The data is split into 2 pieces. groundhogs has information on each groundhog, such as its id, name, and location. predictions has the record for historical predictions of each grounhog, by id. 

In [None]:
groundhogs.head(5)


In [None]:
# It's always a good idea to check your dtypes!
groundhogs.info()


In [None]:
predictions.head(10)


In [None]:
# It's always a good idea to check your dtypes!
predictions.info()


## Groupby and summarize

One of the simplest things we can do is summarize how many predictions occured in each year. We can use the `groupby()` function to combine all the data for each unique value of "year" and then the `size()` function on that grouped dataframe to count the size of each group. This returns a `pd.Series` object with the year as the index. 

In [None]:
predictions.groupby("year").size()


>**Exercise:** Using the groundhogs dataframe, display how many groundhogs vs non-groundhogs have participated. *hint* The column of interest is called "is_groundhog".

In [None]:
# your code here


Instead of yearly predictions, I want to instead bin these years into decades. Let's create a new column in the predictions dataframe that is the decade of the year. 
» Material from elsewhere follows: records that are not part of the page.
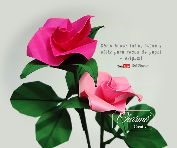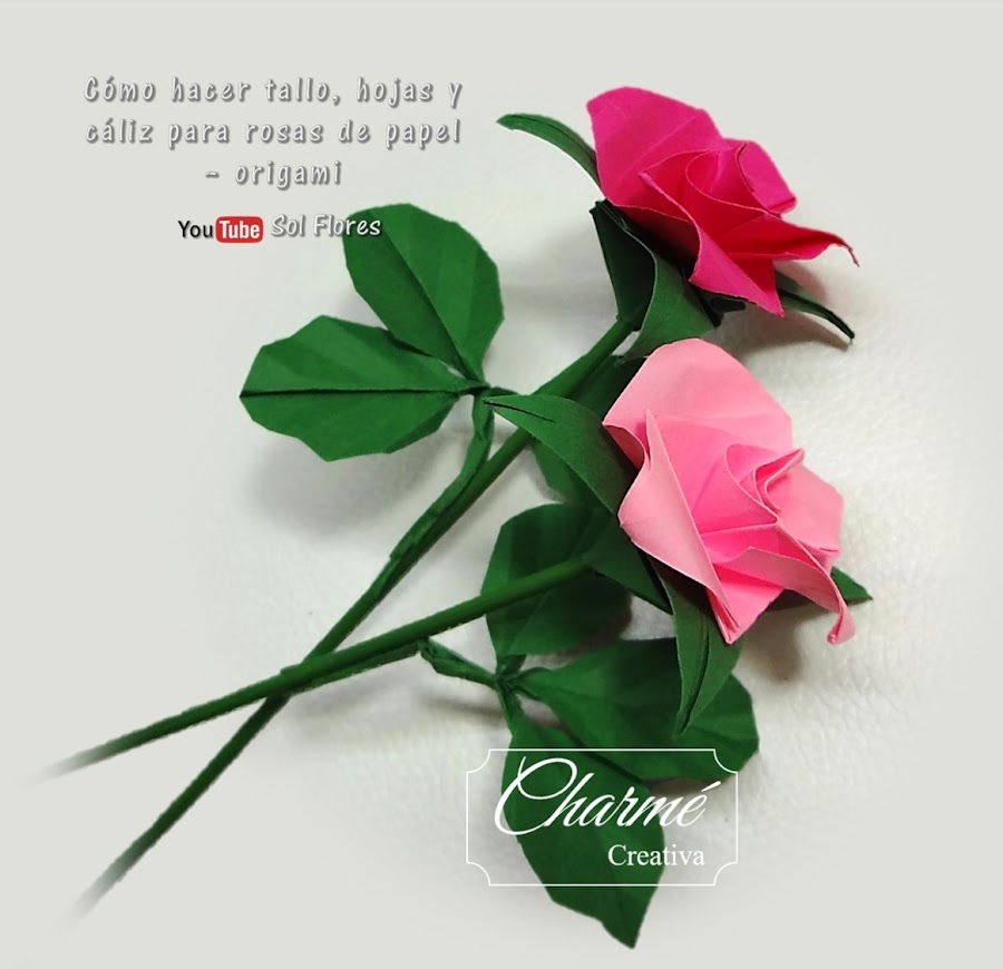 Cómo hacer tallo, hojas y cáliz para rosas de papel origami
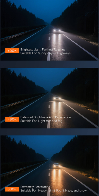 This range produces a crisp, daylight-white light that enhances contrast and makes it easier to spot obstacles and read road signs at night, reducing eye strain and improving reaction time.
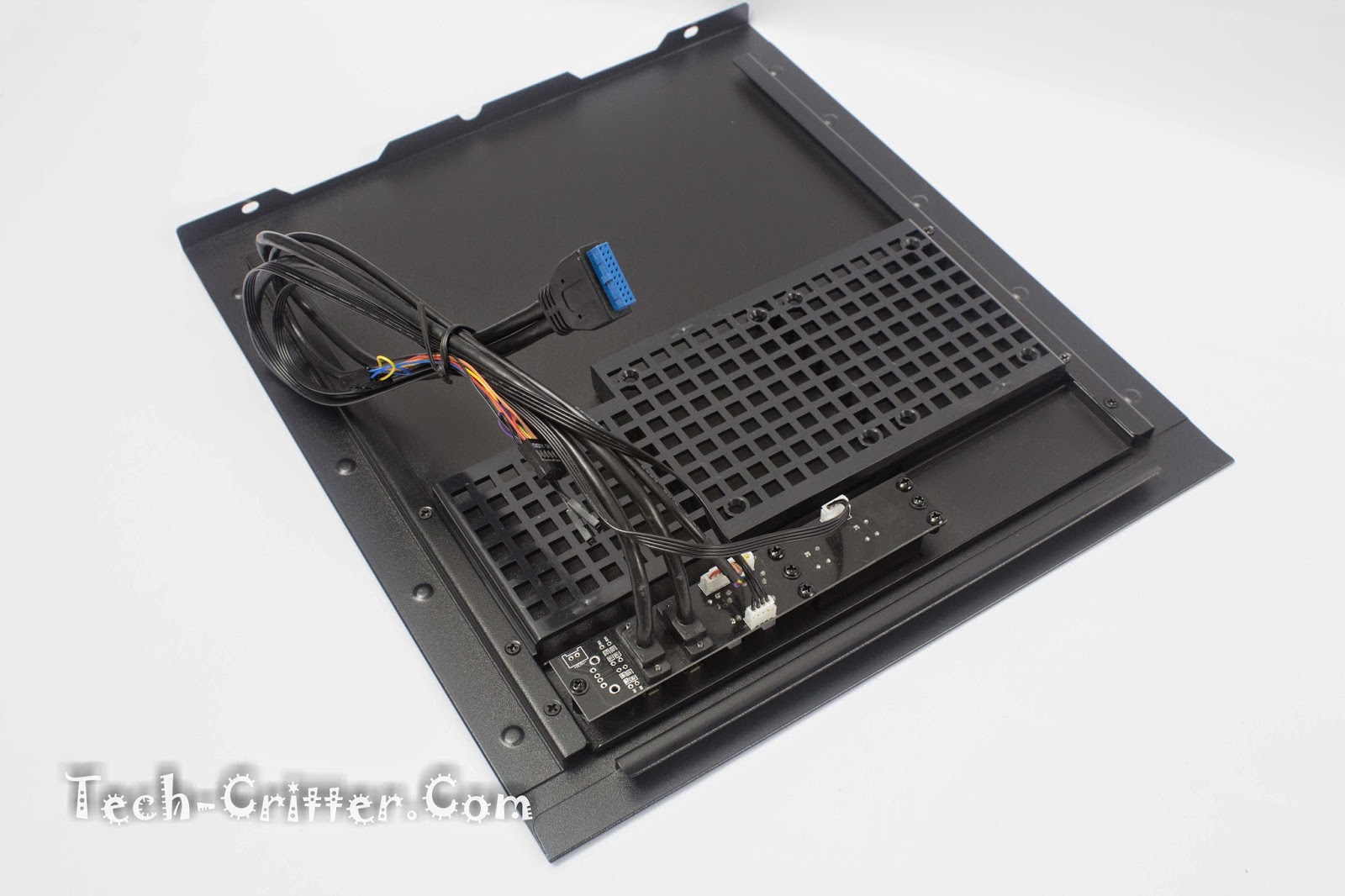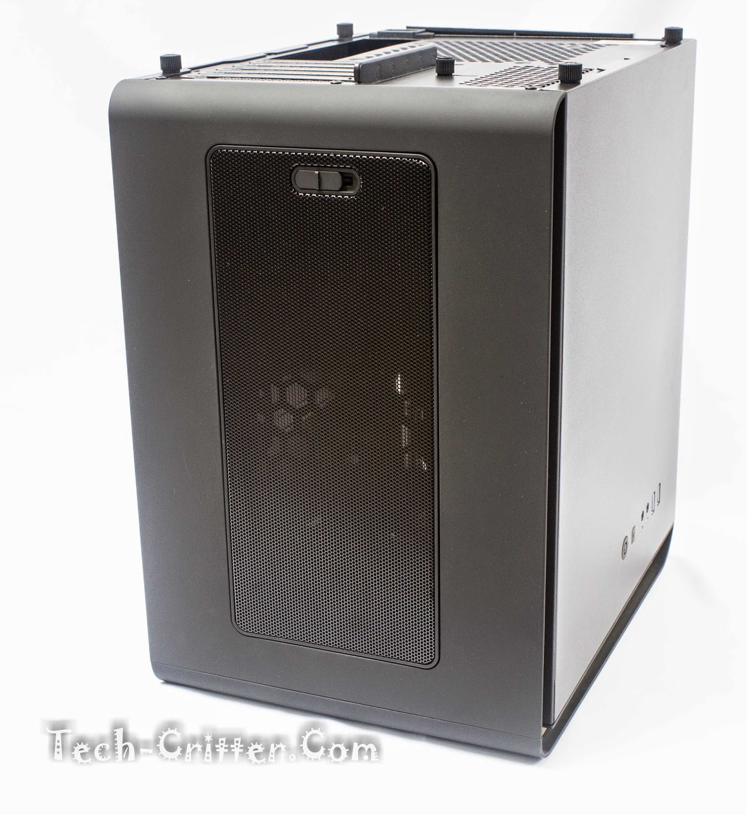 Which consists of a power button, reset button, power and hdd activity LEDs, microphone and headphome jack and a pair of USB3.0 ports. FYI, you can mount the panels on either side, giving you the flexibility to have them on the left or right side of the chassis.

In the first line below, I'm creating a new column in the predictions dataframe called "decade" that is the year divided by 10 and floored `//` times 10 again. So the year 1999 becomes 199 becomes 1990. Notice that creating a new column in a dataframe is as simple as assigning a value to a new key.

In [None]:
predictions['decade'] = predictions['year'] // 10 * 10
predictions.head(10)


Now, to summarize the number of predictions per decade, I use the `groupby()` method again. In this case, I grouped by "decade" and used the method size() to see how many observations/rows exist per decade. 

In [None]:
predictions.groupby("decade").size()


You can "groupby" multiple columns by passing a list of column names. In the code block below, I group by both "decade" and "shadow" to see how many times a shadow was seee each decade. This returns a multi-indexed pandas Series, where each combination of "decade" and "shadow" (for which there is a value) is a unique index.

In [None]:
p = predictions.groupby(["decade", "shadow"]).size()
print(p)


In [None]:
p.index


If we want to turn this Series into a DataFrame where the index values are columns, we can use the `reset_index()` method. This will turn the multi-index into columns and create a new integer index. Why would we want to do this? DataFrames are a bit easier to work with than Series objects.

In [None]:
p.reset_index(name = "count")


Alternatively, we can use the `unstack()` method to turn the multi-index into columns. This will automatically fill in missing values with `NaN`. 

In [None]:
p.unstack()


## Merging and joining

Let's find out if there are differences between the predictions of groundhogs vs non-groundhogs. We will need to combine the groundhogs and the predictions dataframes. Merging is a way to combine two dataframes based on a common column or index. In the code block below, we've created two dataframes that share the column "A". The DataFrames do not share columns "B" and "C". Additionally, `df2` has one more row than `df1`. 

In [None]:
df1 = pd.DataFrame({'A': ['A0', 'A1', 'A2', 'A3'],'B': ['B0', 'B1', 'B2', 'B3']})
df2 = pd.DataFrame({'A': ['A0', 'A1', 'A2', 'A3', 'A4'],'C': ['C0','C1', 'C2', 'C3', 'C4']})
print(df1)
print(df2)


When we merge the two dataframes using the `pd.merge()` function, we can specify that the column to merge on is "A" and whether to keep only rows in common (default) or to keep all rows (`how='outer'`). Note that when we do the outer merge, the missing values are filled in with `NaN`. 

In [None]:
print(pd.merge(df1, df2, on = 'A'))
print(pd.merge(df1, df2, on = 'A', how = 'outer'))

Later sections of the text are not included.